Data excerpts:
[Start of Attachment]
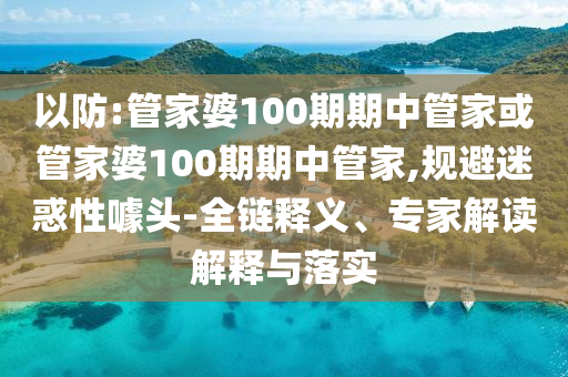 以防:管家婆100期期中管家或管家婆100期期中管家,規(guī)避迷惑性噱頭-全鏈釋義、專家解讀解釋與落實
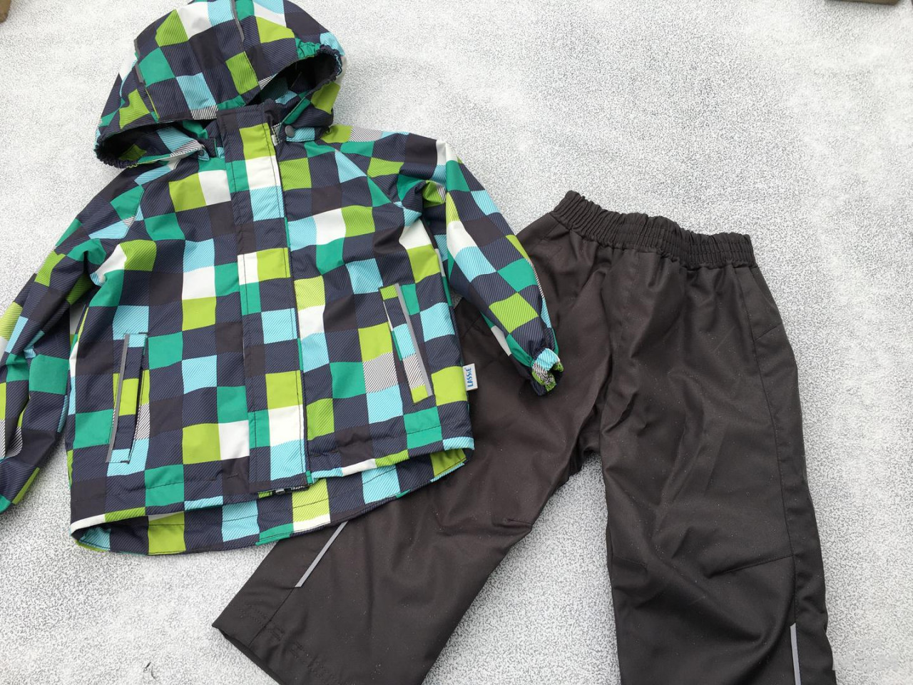 Штанишки из мембранки 10000-шершавая ткань! Мои штанишки носят и холодным летом и в дождь и зимой с поддевой. Очень удобные и практичные.
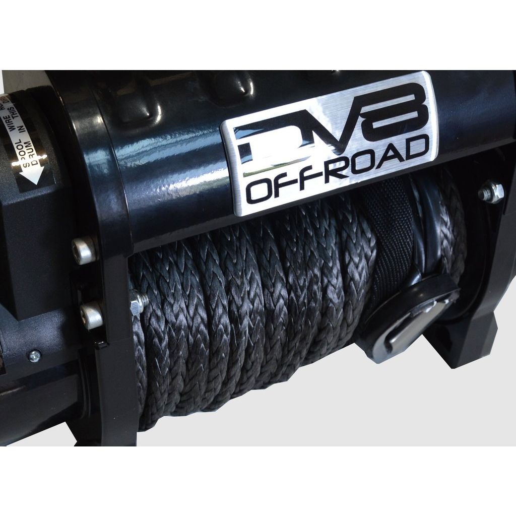 DV8 Offroad 12000 pound Winch Black w/ synthetic line. Details: 6hp motor 12DC series. Gear Train: 3 staged planetary. Gear reduction ratio 256:1. Galvanized steel hook. Metal control box. Include all wiring and hardware. 12.5 foot wired remote and Wireless remote and Hause Aluminum Fairlead.
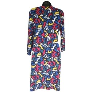 Anne Klein Multi Color Abstract Long Sleeve Faux Wrap Dress Size S
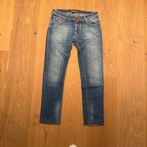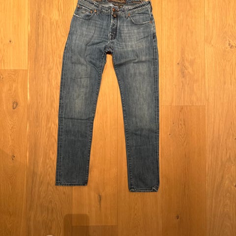Jacob Cohën jeans til herrer i blå denim. Bukserne er fremstillet i denim og har taljemål W32 og angivet størrelse XL. Klassisk femlommers-model med lynlås og knaplukning. Velegnet som hverdagsbukser eller til mere afslappede anledninger.
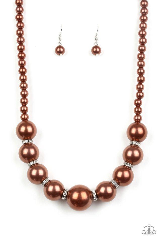 Threaded along an invisible wire, classic brown pearls give way to an alternating collection of oversized brown pearls and white rhinestone encrusted rings below the collar for a timeless sparkle. Features an adjustable clasp closure.
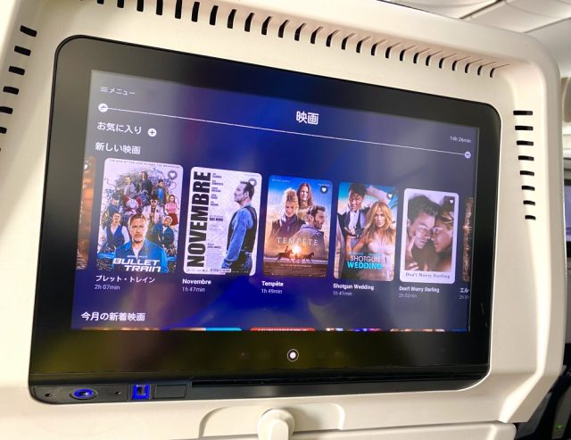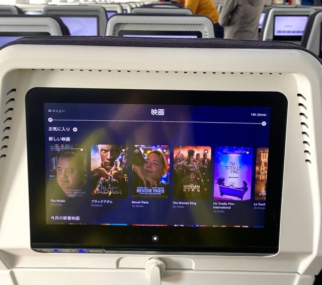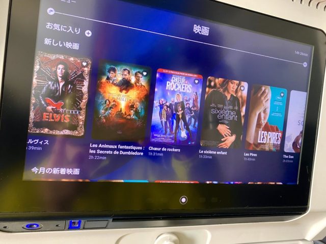 エールフランスは「お一人様用のミニボトル」で出してくれる。このボトルから注ぐのがいいんだよね〜。日本のコンビニで仕込んだおつまみと一緒にちびちびと。食後、腹ごなしに機内を歩き回っていると
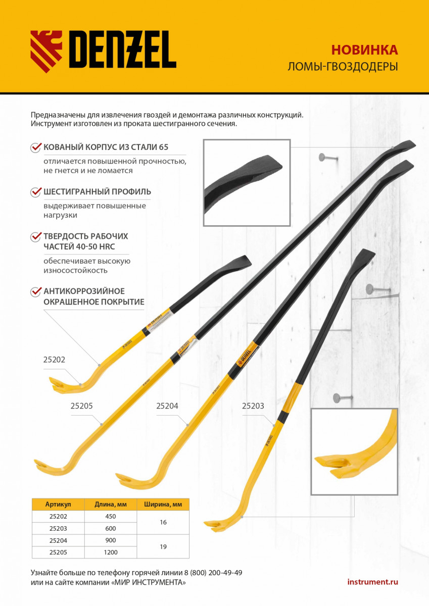Кованый корпус из стали 65 обеспечивает высокую прочность лома-гвоздодера Denzel 25205.
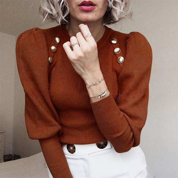 For these spring and autumn days,this knit top can be your wardrobe staple. It comes with a solid color,which makes it look simple,stylish yet generous. Moreover,the unique puff sleeve and button details will make it look more attractive. You can trust in this piece to stay warm while maintaining your style.
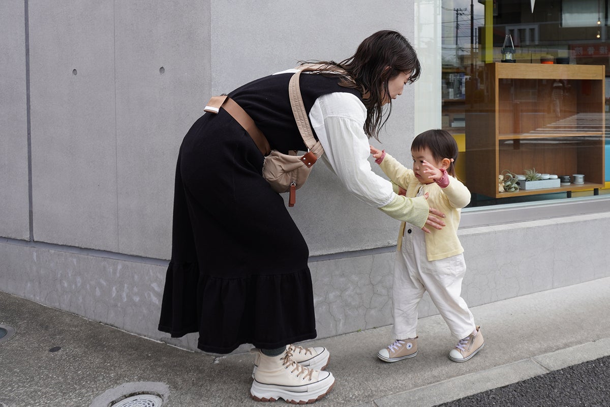 ミニマルでジェンダーレスなデザインは、パパもママも誰でも、どこへでも毎日使えるバッグです。
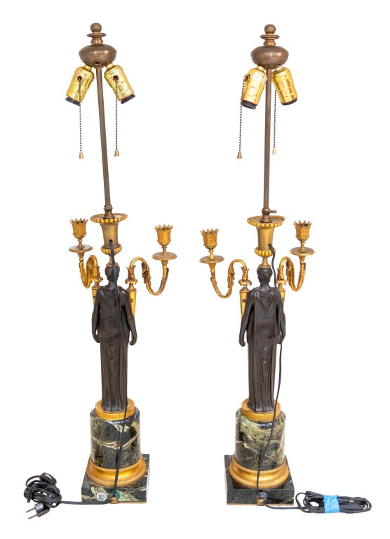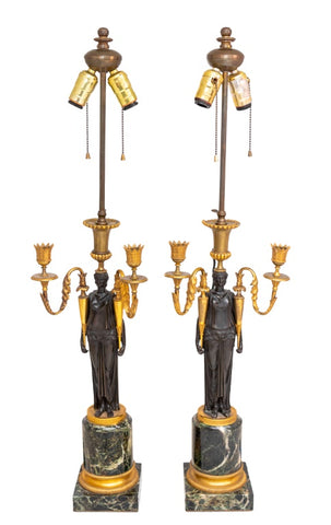 Pair of Restauration Bronze Figural Candelabra Lamps
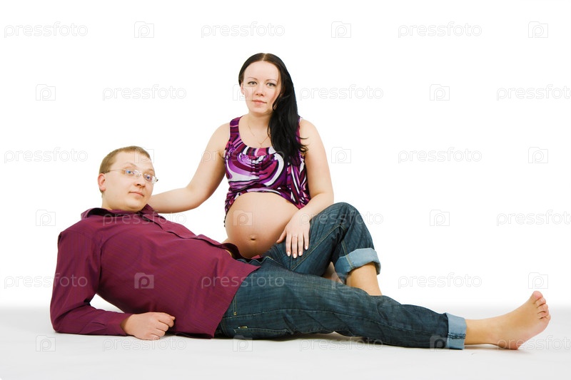 Молодой мужчина и молодая беременная женщина на белом фоне
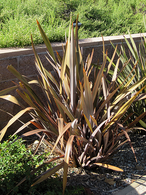 Dusky Chief New Zealand Flax will grow to be about 6 feet tall at maturity, with a spread of 4 feet. When grown in masses or used as a bedding plant, individual plants should be spaced approximately 4 feet apart. Although it's not a true annual, this plant can be expected to behave as an annual in our climate if left outdoors over the winter, usually needing replacement the following year. As such, gardeners should take into consideration that it will perform differently than it would in its native habitat.
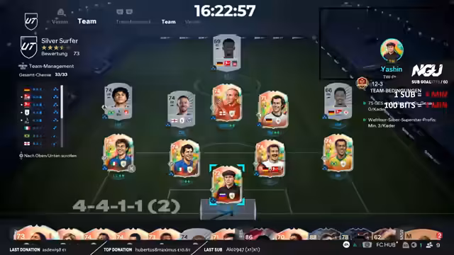 Es wurde der 42. Tag des NGU Subathons dokumentiert. Im Mittelpunkt stand die intensive Analyse der Silberliga-Teams, wobei neue Spieler wie Sir Lord Conté als Schlüssel zur Siegesserie identifiziert wurden. Parallel dazu wurde der sechswöchige Grind-Plan für den Account vorgestellt. Der Stream endete mit dem Übergang zu Team of the Year, nachdem der Silbercup erfolgreich abgeschlossen wurde.
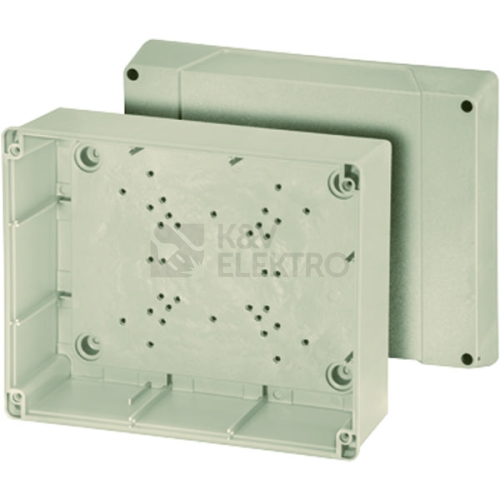 Kabelové rozvodky se stenami skríní bez predlisu. Urceno pro vnitrní prostredí a nechránené venkovní instalace podle DIN VDE 0100, díl 737. pro teplotu prostredí max. + 70 °C a min. - 25 °C, pri relativní vlhkosti vzduchu 50% pri 40 °C nebo 100% pri 25 °C. Tepelná odolnost materiálu od - 25 °C do 90 °C, Odolnost proti požáru podle VDE 0471, díl 2 - Zkouška žhavou smyckou 750 °C, UL Subject 94 V-2. Krytí podle IEC 60529: IP 66. Materiál: PC-GFS-Termoplast, zesílený skelným vláknem povetrnosti odolné, bez halogenu a bez silikonu. Barva: šedá, RAL 7032. Upevnovací šrouby víka z nerezové oceli V2A. Výrobek: HENSEL DK. Vnejší rozmery šxvxh 260 x 210 x 116 mm
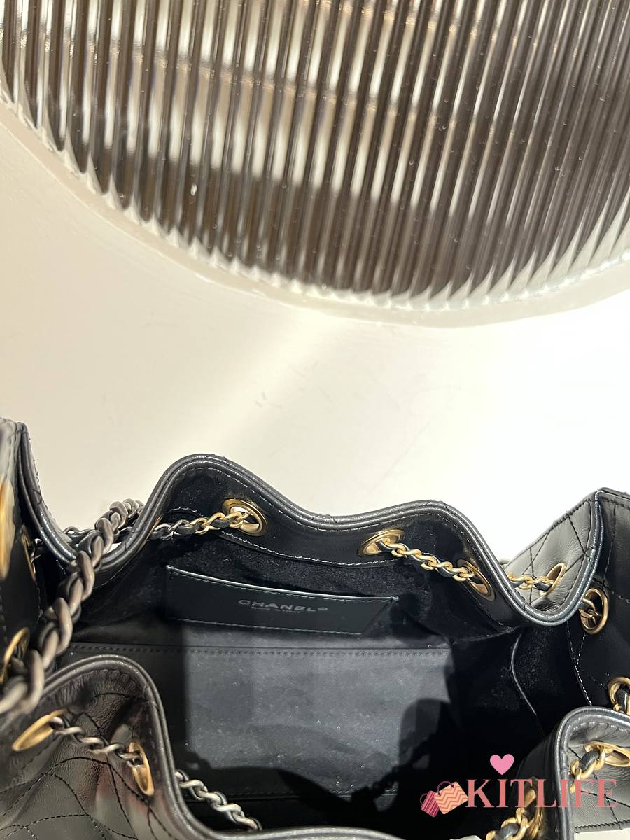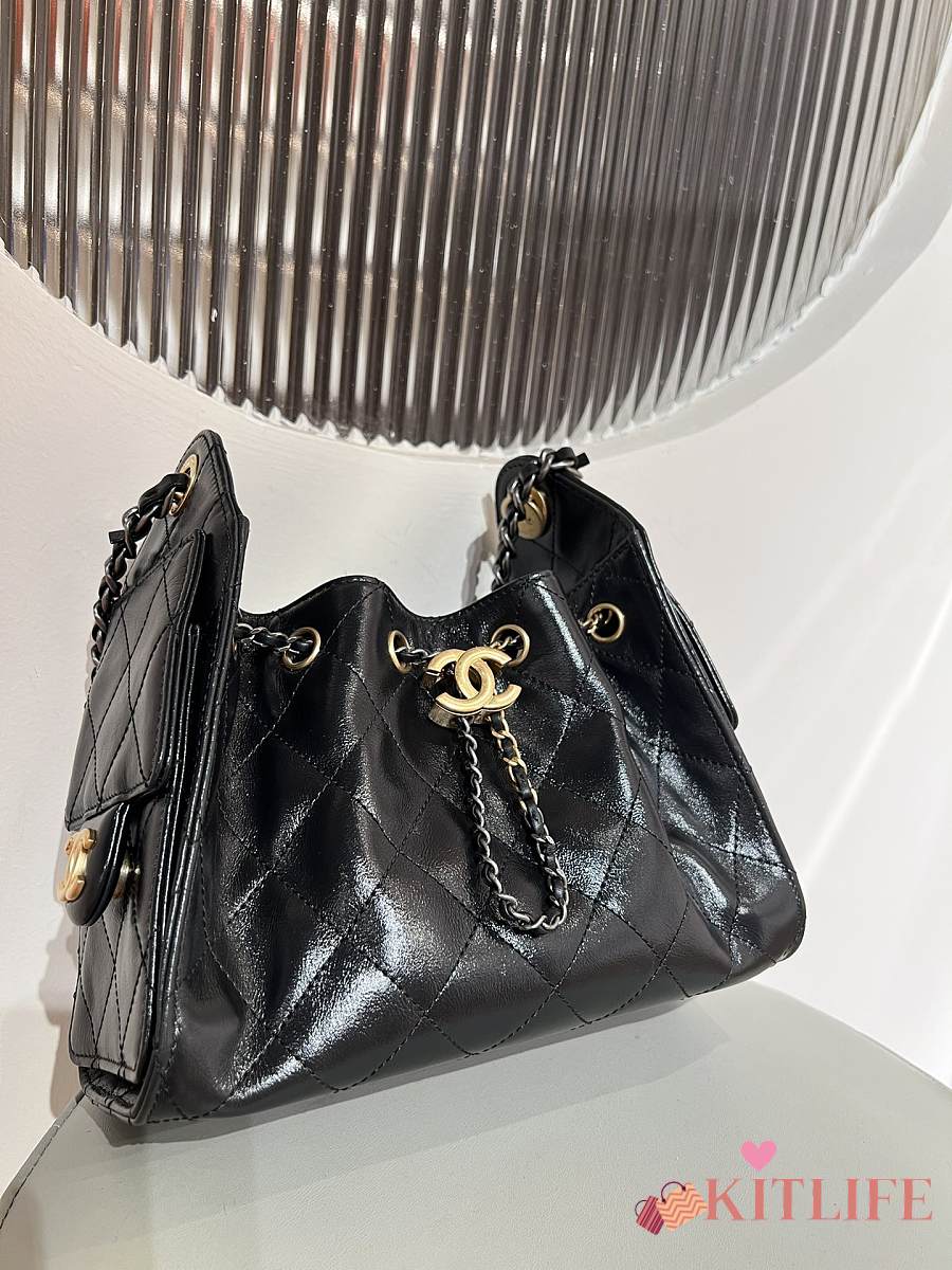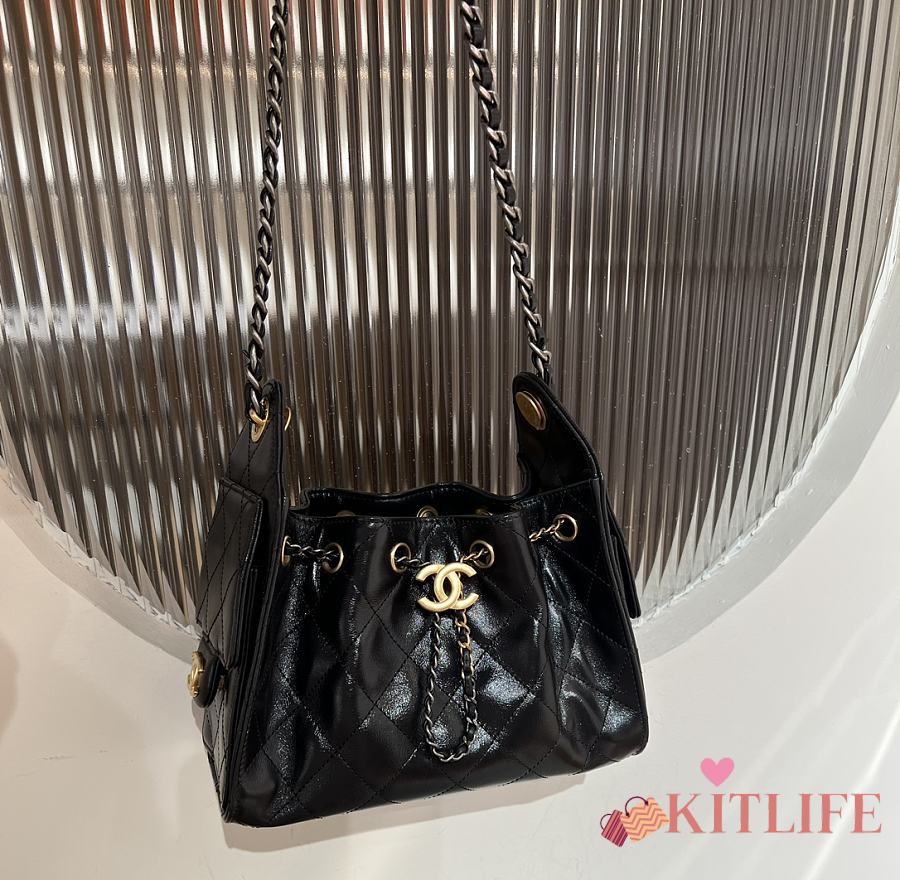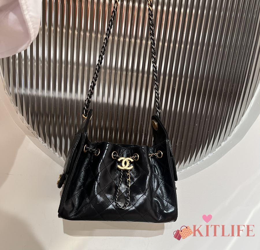 Kitlife Chanel 25C Drawstring Bucket Hobo Bag Black Glossy Lambskin 20x22x12.5cm
[End of Attachment]
■ **Exercise brief**
A verbatim copy of every record is required, with all pictures excluded.

■ **Task solution**
 以防:管家婆100期期中管家或管家婆100期期中管家,規(guī)避迷惑性噱頭-全鏈釋義、專家解讀解釋與落實
 Штанишки из мембранки 10000-шершавая ткань! Мои штанишки носят и холодным летом и в дождь и зимой с поддевой. Очень удобные и практичные.
 DV8 Offroad 12000 pound Winch Black w/ synthetic line. Details: 6hp motor 12DC series. Gear Train: 3 staged planetary. Gear reduction ratio 256:1. Galvanized steel hook. Metal control box. Include all wiring and hardware. 12.5 foot wired remote and Wireless remote and Hause Aluminum Fairlead.
 Anne Klein Multi Color Abstract Long Sleeve Faux Wrap Dress Size S
Jacob Cohën jeans til herrer i blå denim. Bukserne er fremstillet i denim og har taljemål W32 og angivet størrelse XL. Klassisk femlommers-model med lynlås og knaplukning. Velegnet som hverdagsbukser eller til mere afslappede anledninger.
 Threaded along an invisible wire, classic brown pearls give way to an alternating collection of oversized brown pearls and white rhinestone encrusted rings below the collar for a timeless sparkle. Features an adjustable clasp closure.
 エールフランスは「お一人様用のミニボトル」で出してくれる。このボトルから注ぐのがいいんだよね〜。日本のコンビニで仕込んだおつまみと一緒にちびちびと。食後、腹ごなしに機内を歩き回っていると
Кованый корпус из стали 65 обеспечивает высокую прочность лома-гвоздодера Denzel 25205.
 For these spring and autumn days,this knit top can be your wardrobe staple. It comes with a solid color,which makes it look simple,stylish yet generous. Moreover,the unique puff sleeve and button details will make it look more attractive. You can trust in this piece to stay warm while maintaining your style.
 ミニマルでジェンダーレスなデザインは、パパもママも誰でも、どこへでも毎日使えるバッグです。
 Pair of Restauration Bronze Figural Candelabra Lamps
 Молодой мужчина и молодая беременная женщина на белом фоне
 Dusky Chief New Zealand Flax will grow to be about 6 feet tall at maturity, with a spread of 4 feet. When grown in masses or used as a bedding plant, individual plants should be spaced approximately 4 feet apart. Although it's not a true annual, this plant can be expected to behave as an annual in our climate if left outdoors over the winter, usually needing replacement the following year. As such, gardeners should take into consideration that it will perform differently than it would in its native habitat.
 Es wurde der 42. Tag des NGU Subathons dokumentiert. Im Mittelpunkt stand die intensive Analyse der Silberliga-Teams, wobei neue Spieler wie Sir Lord Conté als Schlüssel zur Siegesserie identifiziert wurden. Parallel dazu wurde der sechswöchige Grind-Plan für den Account vorgestellt. Der Stream endete mit dem Übergang zu Team of the Year, nachdem der Silbercup erfolgreich abgeschlossen wurde.
 Kabelové rozvodky se stenami skríní bez predlisu. Urceno pro vnitrní prostredí a nechránené venkovní instalace podle DIN VDE 0100, díl 737. pro teplotu prostredí max. + 70 °C a min. - 25 °C, pri relativní vlhkosti vzduchu 50% pri 40 °C nebo 100% pri 25 °C. Tepelná odolnost materiálu od - 25 °C do 90 °C, Odolnost proti požáru podle VDE 0471, díl 2 - Zkouška žhavou smyckou 750 °C, UL Subject 94 V-2. Krytí podle IEC 60529: IP 66. Materiál: PC-GFS-Termoplast, zesílený skelným vláknem povetrnosti odolné, bez halogenu a bez silikonu. Barva: šedá, RAL 7032. Upevnovací šrouby víka z nerezové oceli V2A. Výrobek: HENSEL DK. Vnejší rozmery šxvxh 260 x 210 x 116 mm
 Kitlife Chanel 25C Drawstring Bucket Hobo Bag Black Glossy Lambskin 20x22x12.5cm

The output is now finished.